I still couldn’t find the person speaking. It was a man’s voice, but it was hard to tell exactly where it was coming from over the drone of the videogames and pinball machines.
“Alan Scarpio is a gazillionaire playboy who hangs out with Johnny Depp,” said a young man leaning against an old Donkey Kong Jr. cabinet. “He can’t be a player.”
“Maybe he played, but there’s no evidence he won the game,” said a woman in a Titanica T-shirt. “ ‘Californiac’ is the name listed in The Circle, not Alan Scarpio.”
“So then how do you explain his overnight wealth?” Sally Berkman replied—a familiar challenge when it came to Scarpio. “He has to be Californiac. It just makes sense. He was born in San Francisco.”
“Oh, well, if he was born in San Francisco, he must be the guy.” Donkey Kong Man was clearly looking to stir up some shit.
“San Francisco is in California,” Sally Berkman replied. “Californiac.”
“Wow, are you serious?” Donkey Kong Man said, shaking his head.
“How about I just play what you’ve come all this way to hear?” I said.
If I let them go on about Alan Scarpio and whether or not he was actually Californiac, the winner of the sixth iteration of the game, we’d be here all night. Again.
I nodded in the direction of a blond curly-haired woman standing near the front door, and she turned out the lights.
Her name was Chloe. She was a good friend of mine. She worked for the Magician.
The arcade was the Magician’s place.
It was an old speakeasy that had been converted into the arcade–slash–pizza joint back in the 1980s. The pizza oven had died more than a decade ago, so now it was just an arcade. Nobody understood how the Magician had been able to keep the place running through the rise of home-based and eventually handheld computer entertainment, but keep it running he did.
Walking into the arcade was like walking into another age.

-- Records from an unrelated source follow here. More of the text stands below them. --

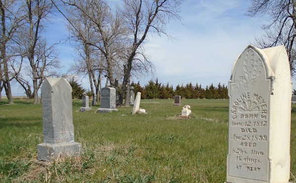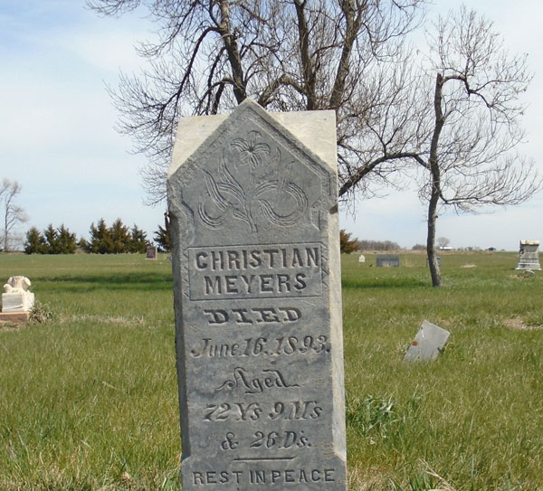 I backtracked 1¾ miles south and turned east on 24, a gravel county road. At the first intersection just a mile off 37, I found Rose Hill Cemetery, my original destination. Here lie the remains of Christian Meyers, my great-great grandpa Daniel Meyer’s half-brother, and his wife Caroline. They immigrated from Germany in 1858, but their only child was born and died during the voyage to America and was buried at sea. Of all the descendants on my dad’s side of the family, Christian and Caroline ventured the farthest west — over 200 miles from where Daniel settled in northwest Iowa. Now, their headstones face the plains as if remaining in Spink County wasn’t sufficiently west.
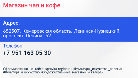 Магазин чая и кофе по адресу 652507, Кемеровская область, Ленинск-Кузнецкий, проспект Ленина, 52 в дальнейшем Организация, размещена в следующих категориях:
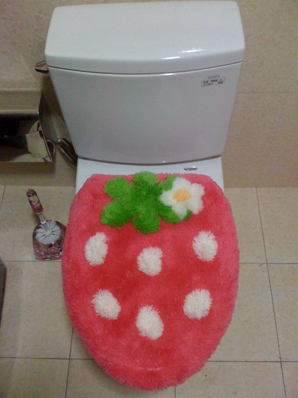 淘宝网上淘来的可爱草莓马桶套和海洋星星马桶刷
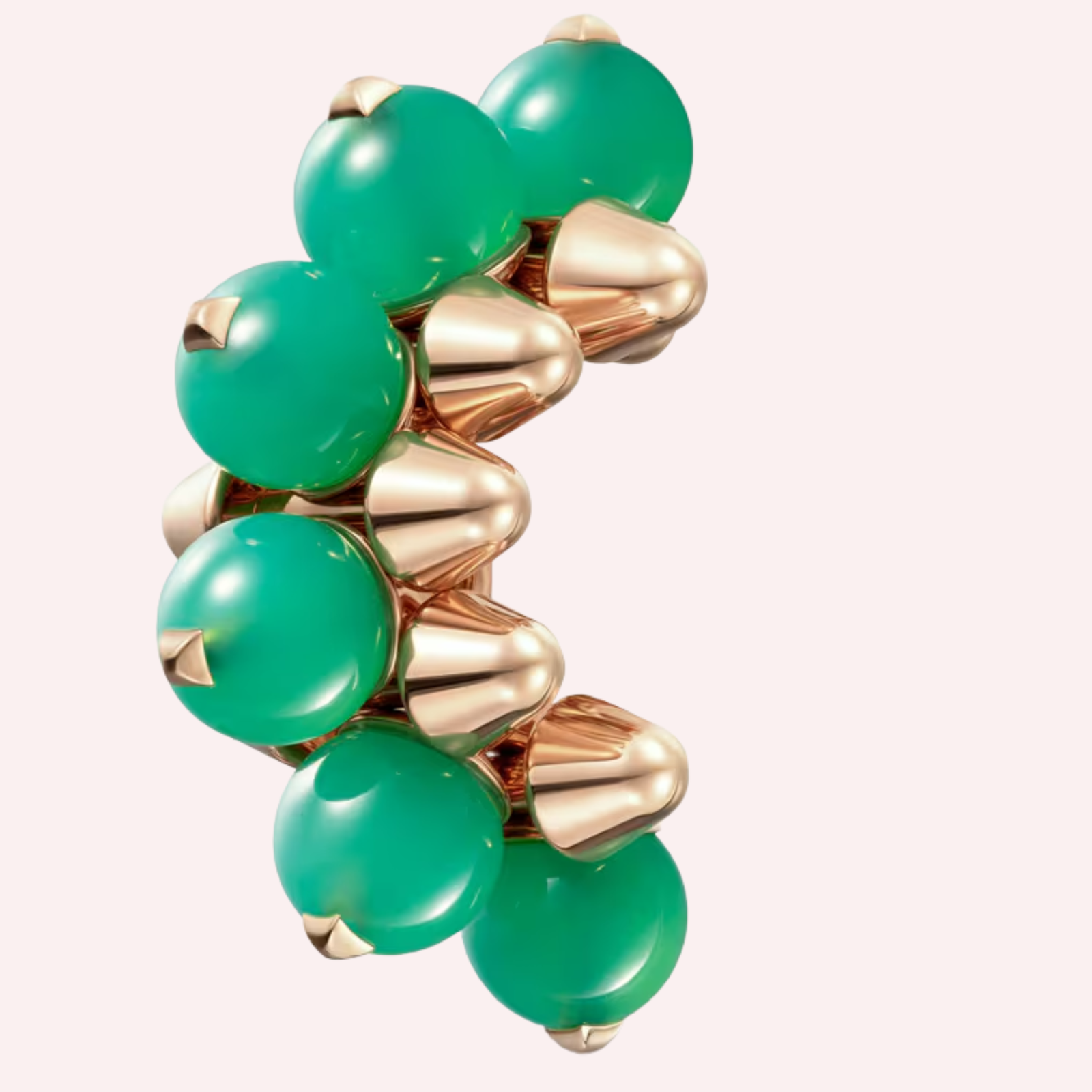 Crafted in luminous 18K rose gold (750/1000), this extra-large single earring is accented with vibrant chrysoprase, introducing a refined pop of color to the sculptural form. Measuring 17.7 mm in width with an outer diameter of 36.2 mm, the piece is designed to stand out with confident sophistication, whether worn alone or styled as part of a curated ear look.
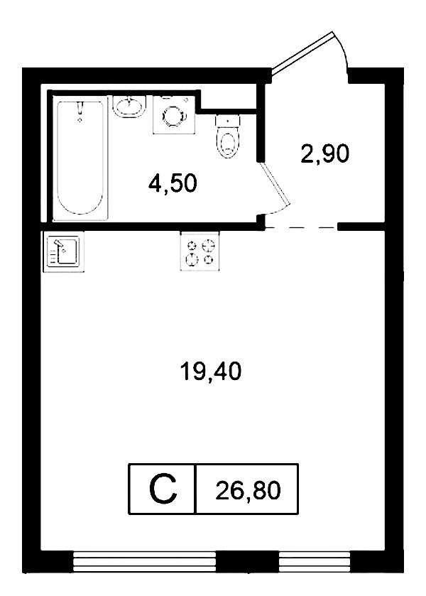 Квартира-студия на 10-ом этаже 26,8 кв.м
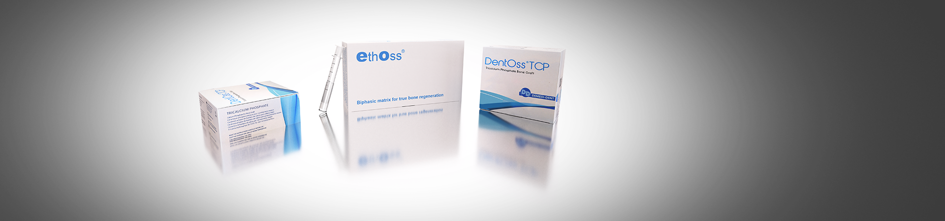 DentOss TCP ist ein synthetisches Knochenersatzmaterial aus phasenreinem Beta-Tricalciumphosphat (ß-TCP). Innerhalb von 4 bis 6 Monaten bildet sich vitales Knochengewebe ohne Restbestandteile. REF CI-D01 DentOss 1 | 0,5g fein (0,1–0,5 mm) REF CI-D02 DentOss 1 | 0,5g grob (0,5–1,0 mm) REF CI-D03 DentOss 5 | 0,5g fein (0,1–0,5 mm) REF CI-D04 DentOss 5 | 0,5g grob (0,5–1,0 mm) REF CI-D05 DentOss 1 | 1,0g fein (0,1–0,5 mm) REF CI-D06 DentOss 1 | 1,0g grob (0,5–1,0 mm) REF CI-D07 DentOss 5 | 1,0g fein (0,1–0,5 mm) REF CI-D08 DentOss 5 | 1,0g grob (0,5–1,0 mm)

The brick walls and exposed pipes in the ceiling clashed with the bright video screens and sharp 8-bit sounds of the arcade games, resulting in a strange yet perfectly comfortable blend of anachronisms.
Chloe called it eighties industrial.
The Magician was out of town on some kind of research trip, but he never came down for these things anyway.
He’d started letting a few of us use the place for meetings after the eighth iteration of the game. The Magician’s arcade became a kind of de facto clubhouse, an informal gathering place for those of us who remained obsessed with the game long after most everyone else had checked out.